Unique match constraint is used to reduce number of wrong matches. All the matches must be one-to-one and onto in a face pair. Hence one-way assignments are eliminated between interest points. Only two-way assignments are acceptable as seen in Figure.3.4-1.
On the other hand, if two points are matched with one point such as A1 & A2 then one of them should be eliminated as shown in Figure.3.4-2. In this case, values that are calculated by Euclidean distances are used to eliminate them. Smaller distances are preferred for better matching between face pairs.
Consequently, unique match constraint definitely improves matches between face pairs and eliminates poor matches. As it can be seen from Figure.3d-3, remaining matches are almost horizontal and reasonable matches such as eye-to-eye, nose-to-nose, lip-to-lip etc. After poor matches have been eliminated, average mean for each face is calculated by using averages of remaining matches.
As we stated in previous reports we have tried geometrical constraint beside unique match constraint. Nevertheless the results varied in different inputs. We got good results for some inputs but it was not the same for all inputs. As we could not get any stable value for geometrical constraint we decided not to use it.
First 4 steps are done for all images in the database and computation should be done for given query. After all average values are calculated for each face pair then they should be ordered properly in order to present a reasonable result set. Average mean values are sorted in ascending order and minimum value is best match for the face query as shown in Figrue.3.5-1. User is usually informed by best match and next 10 matches.

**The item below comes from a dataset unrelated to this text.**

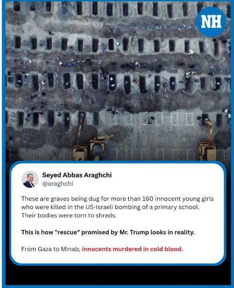 仅在伊朗南部米纳卜市一所小学,至少 165 人在袭击中遇难,其中大多只是 10 岁左右的小女孩。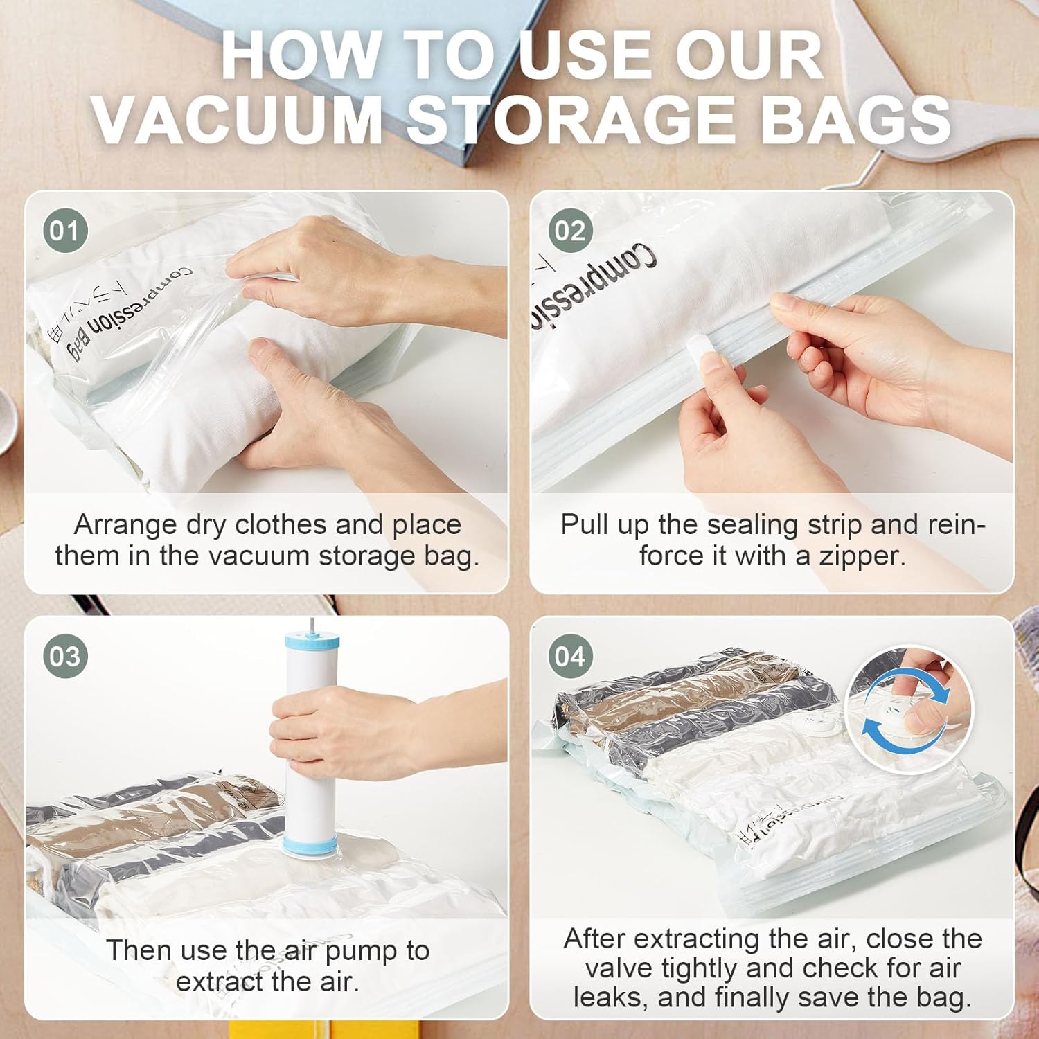 • 【One bag, endless possibilities】Pair your travel bag with vacuum storage bags to compress bulky jackets, isolate dirty laundry, and organize small items with ease. Everything stays neatly in place – find what you need in a glance!

As it is seen from the figure 4.1 -1 there is 6 steps in the application. Appendix B – User‘s Manual gives detailed information about each step of the application. Whereas, here it is given the details of the implementation of the application.
Implemented Classes:
· Match.cpp: Performs the main computation of the system. It matches the given image with the other imaged in the dataset.
Functions:
Image ReadKeyFile( const string& inputfile ): Reads the key file of a specific image and initializes the properties of Image object.
void Tokenize(const string& str,vector<string>& tokens,const string& delimiters): Tokenize the given input file and initializes the size of the image.
double FindMatches(Image im1, vector <KeyPoint> keys1, Image im2, vector <KeyPoint> keys2, string result_path): It takes two images and their keypoints to find matches between the images. If a result path is given, it creates an image that shows the matchings between images.
KeyPoint CheckForMatch(KeyPoint key, vector <KeyPoint> klist): Finds the matching of a given keypoint among a set of keypoints.
int DistSquared(KeyPoint k1, KeyPoint k2): Calculates the Euclidean distance between two keypoints.
int **AllocMatrix(int rows, int cols): Allocates an integer matrix.
float **AllocMatrix2(int rows, int cols): Allocates a float matrix.
Drawable_Image *ReadPGMFile(const char *filename): Reads the given image file pixel by pixel.
void WritePGM(FILE *fp, Drawable_Image *image): Creates a pgm file.
void DrawLine(Drawable_Image* image, int r1, int c1, int r2, int c2): Draw line between the given coordinates.
Drawable_Image* CombineImagesHorizantally(Drawable_Image* im1, Drawable_Image* im2): Combines two image horizontally.
bool compareMean(Image x, Image y): Compare the means of two images.
· Image.cpp: Represents the image files with their properties like width, height, keypoints, etc. The functions of this class are trivial functions like get, set functions and they are not explained in details.
· Keypoint.cpp: Represents the keypoints of an image and holds the properties of a specific keypoint. The functions of this class are trivial functions like get, set functions and they are not explained in details.
· Drawable_Image.cpp: Represents the image files as pixels in order to draw their matching. The functions of this class are trivial functions like get, set functions and they are not explained in details.
· File_Reader.cpp: Initializes the compare set that will be used to find similar of a given face image. The functions of this class are trivial functions like get, set functions and they are not explained in details.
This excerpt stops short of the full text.